MetricFactory object

Description

An object which is a interface to calculate all available metrics separately.

The MetricFactory object is inspired from the factory design pattern. Only one instance of MetricFactory object is necessary to calculate all available metrics for different profiles, as long as the thresholds set in the MetricFactory instance are appropriate for the calculation. The thresholds are set during the MetricFactory object creation and cannot be changed afterwards. If different thresholds are needed, a new MetricFactory object, with the new thresholds, must be instantiated.

Usage

MetricFactory

Format

An object of class R6ClassGenerator of length 24.

Value

The MetricFactory$new function returns a MetricFactory object which contains the information about the thresholds used to calculate each metric. It can be used, as many times needed, to calculate the specified metrics.

Constructor

Create a MetricFactory object.

MetricFactory$new(ratioAreaThreshold=1, ratioMaxMaxThreshold=1, ratioIntersectThreshold=1, ratioNormalizedIntersectThreshold=1, diffPosMaxThresholdMinValue=1, diffPosMaxThresholdMaxDiff=100, diffPosMaxTolerance=0.01, spearmanCorrSDThreashold=1e-8)

  • ratioAreaThreshold The minimum denominator accepted to calculate the ratio of the area between both profiles. Default = 1.

  • ratioMaxMaxThreshold The minimum denominator accepted to calculate the ratio of the maximum values between both profiles. Default = 1.

  • ratioIntersectThreshold The minimum denominator accepted to calculate the ratio of the intersection area of both profiles and the total area. Default = 1.

  • ratioIntersectThreshold The minimum denominator accepted to calculate the ratio of the intersection area of both profiles and the total area for normalized profiles. Default = 1.

  • diffPosMaxThresholdMinValue The minimum peak accepted to calculate the metric. Default = 1.

  • diffPosMaxThresholdMaxDiff The maximum distance accepted between 2 peaks positions in one profile to calculate the metric. Default=100.

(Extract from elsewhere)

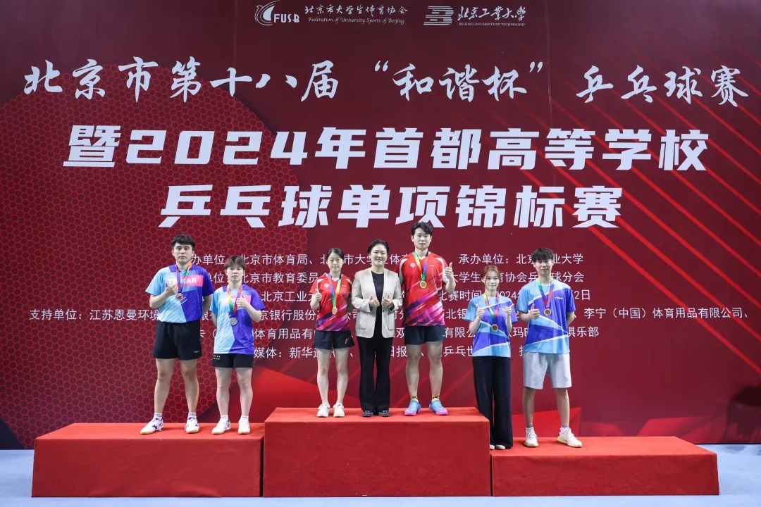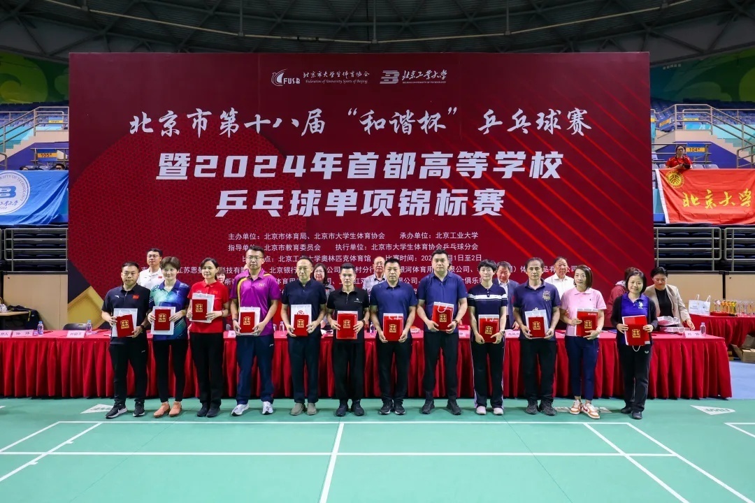 6月1日,由北京市体育局、北京市大学生体育协会主办,北京工业大学承办的北京市第十八届“和谐杯”乒乓球赛暨2024年首都高等学校乒乓球单项锦标赛、校长杯乒乓球比赛在北京工业大学奥林匹克体育馆开幕。乒坛名宿张燮林以及刘伟、刘国正、冯天薇和朱雨玲等乒乓球世界冠军为赛事开球。

  • diffPosMaxTolerance The maximum variation accepted on the maximum value to consider a position as a peak position. Default=0.01.

  • spearmanCorrSDThreashold The minimum standard deviation accepted on both profiles to consider to calculate the metric. Default=1e-8.

Author(s)

Astrid Deschenes

See Also

  • similarity for calculating all available metrics between two ChIP-Seq profiles.

  • demoProfiles for more informations about ChIP-Seq profiles present in the demoProfiles data.

Examples

## Initialized the factory object
factory = MetricFactory$new(ratioAreaThreshold=100,
    ratioIntersectThreshold=20,
    diffPosMaxTolerance=0.04)
    
## Define 2 ChIP-Seq profiles
profile1 <- c(1,59,6,24,65,34,15,4,53,22)
profile2 <- c(15,9,46,44,9,39,27,34,34,4)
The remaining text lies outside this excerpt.